= PROBLEM DETAILS =
Every record gets copied exactly, and no picture goes with it.

Data entries:
'''
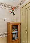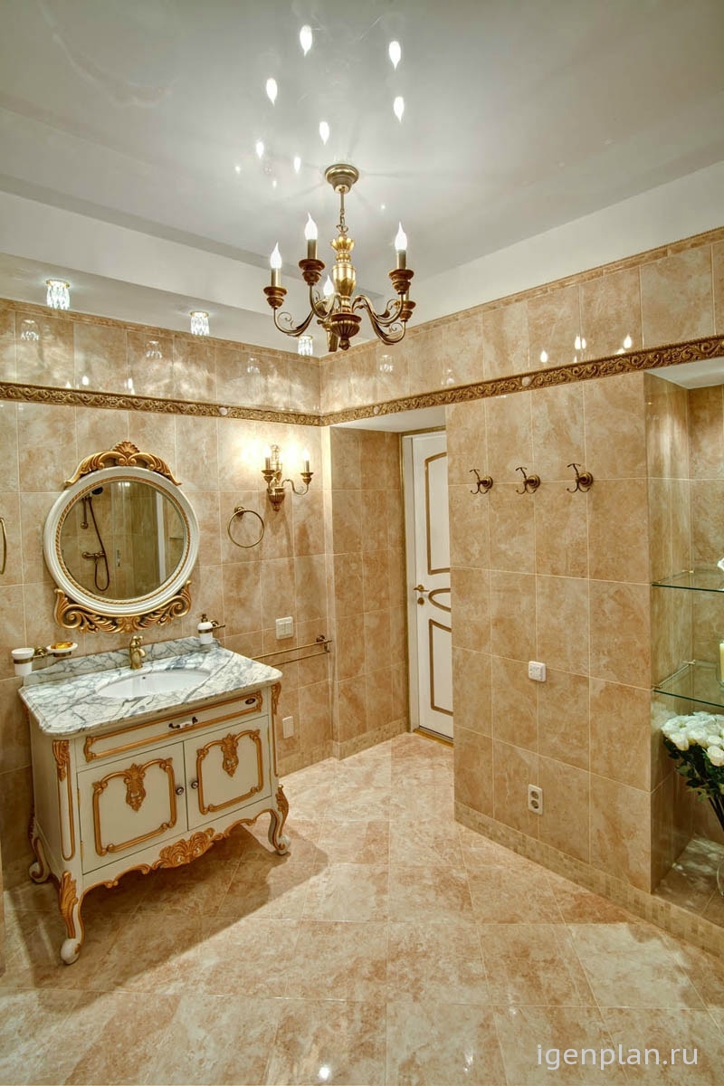 Терракотовая гамма плитки на полу и стенах, позолоченный бордюр по вверху стены, позолоченная фурнитура, люстра в виде шандалов со свечами …
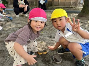 お砂場にある貝殻を一生懸命探し、大事に持って帰る子どもたちでした。
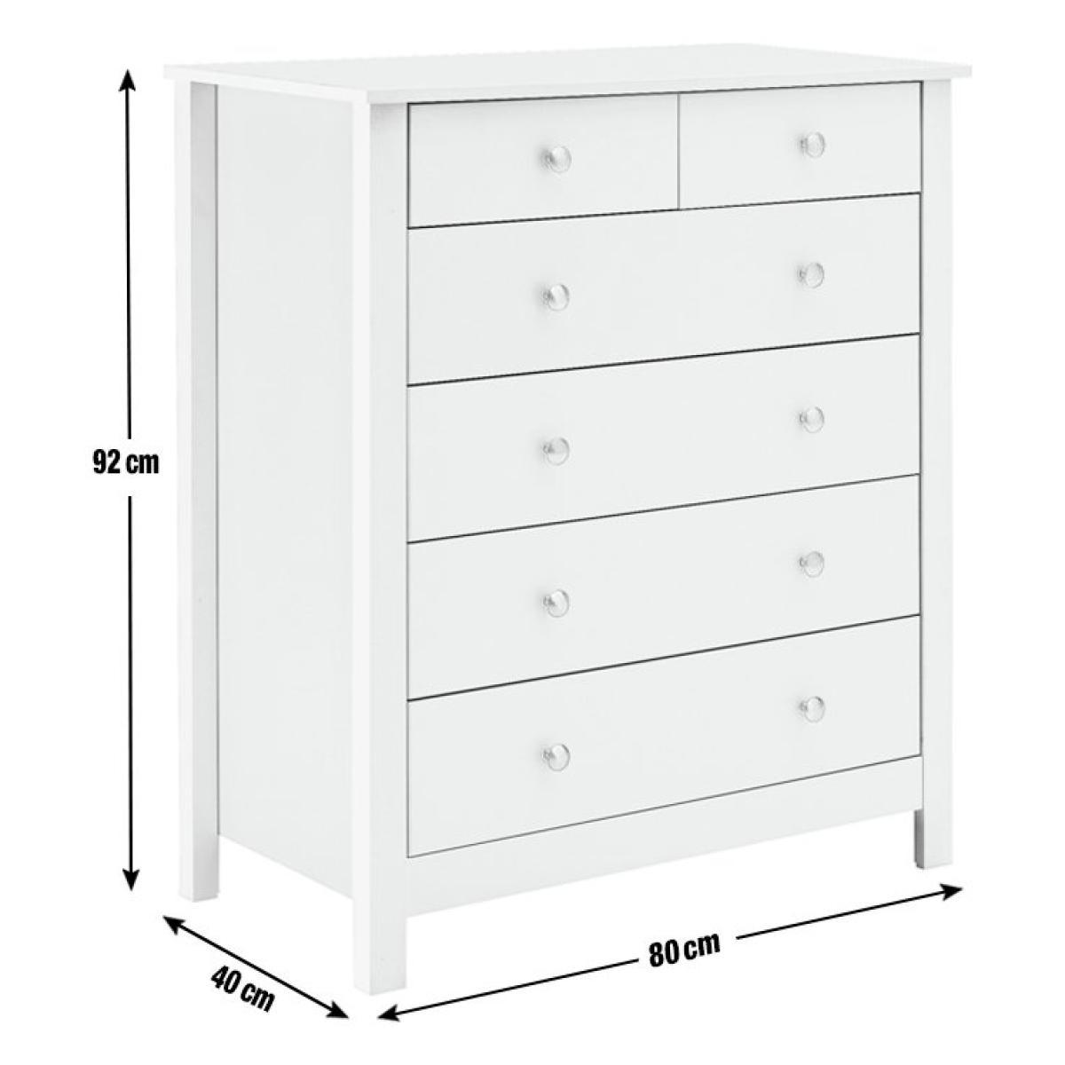 Trendy Osaka. Our wide 6 drawer chest offers a minimal but classy look. Polished metal handles and easy glide runners promise smooth operation. Neat looks on the outside are matched by the opportunity for neat folding on the inside. 6 spacious drawers in our chest give clothes plenty of breathing space. In a white painted finish Osaka is where freshness meets function. Dress the surface with vases, plants or a lamp in pops of colour you love. Even put a mirror or some wall art behind. Make it personal. Why not?
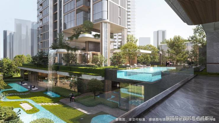 四维立体景观:首创“公园CLUB+柔性边界”设计,包含地底垂瀑、空中云庭、垂直绿廊等,将公园生态垂直植入建筑肌理。
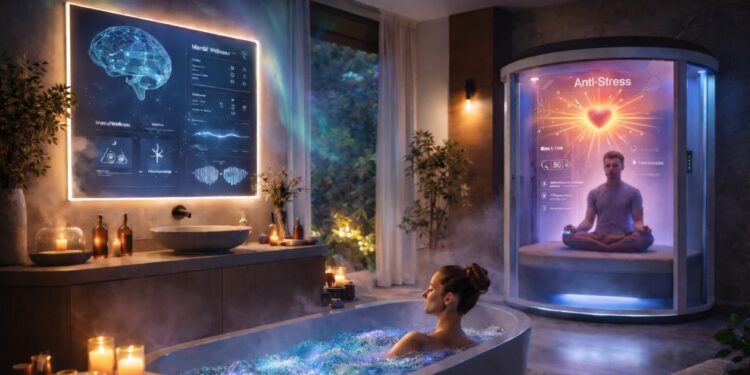 Ainsi, se rapprochant de la prévention santé sans être médicalisé, le wellness du futur se positionne davantage comme une aide à l’individu, lui permettant de mieux fonctionner par la mise en place de pratiques durables, basées sur scénarios d’usage personnalisés qui vont au-delà du confort et du lâcher-prise. Grâce aux données physiologiques et autres recommandations comportementales formulées en permanence par l’IA, le bien-être devient alors moins passif, plus conscient. Associé à un maximum de routines, du réveil à la décompression après une journée de travail, en passant par la préparation à un sommeil réparateur, le bien-être s’installe dans le quotidien. Comme pour la santé, l’utilisateur dispose de clés pour comprendre et piloter sur-mesure son propre bien-être, à l’instar du Longevity Mirror de NuraLogix qui calcule le stress mental.
'''
= RESPONSE AREA =
 Терракотовая гамма плитки на полу и стенах, позолоченный бордюр по вверху стены, позолоченная фурнитура, люстра в виде шандалов со свечами …
 お砂場にある貝殻を一生懸命探し、大事に持って帰る子どもたちでした。
 Trendy Osaka. Our wide 6 drawer chest offers a minimal but classy look. Polished metal handles and easy glide runners promise smooth operation. Neat looks on the outside are matched by the opportunity for neat folding on the inside. 6 spacious drawers in our chest give clothes plenty of breathing space. In a white painted finish Osaka is where freshness meets function. Dress the surface with vases, plants or a lamp in pops of colour you love. Even put a mirror or some wall art behind. Make it personal. Why not?
 四维立体景观:首创“公园CLUB+柔性边界”设计,包含地底垂瀑、空中云庭、垂直绿廊等,将公园生态垂直植入建筑肌理。
 Ainsi, se rapprochant de la prévention santé sans être médicalisé, le wellness du futur se positionne davantage comme une aide à l’individu, lui permettant de mieux fonctionner par la mise en place de pratiques durables, basées sur scénarios d’usage personnalisés qui vont au-delà du confort et du lâcher-prise. Grâce aux données physiologiques et autres recommandations comportementales formulées en permanence par l’IA, le bien-être devient alors moins passif, plus conscient. Associé à un maximum de routines, du réveil à la décompression après une journée de travail, en passant par la préparation à un sommeil réparateur, le bien-être s’installe dans le quotidien. Comme pour la santé, l’utilisateur dispose de clés pour comprendre et piloter sur-mesure son propre bien-être, à l’instar du Longevity Mirror de NuraLogix qui calcule le stress mental.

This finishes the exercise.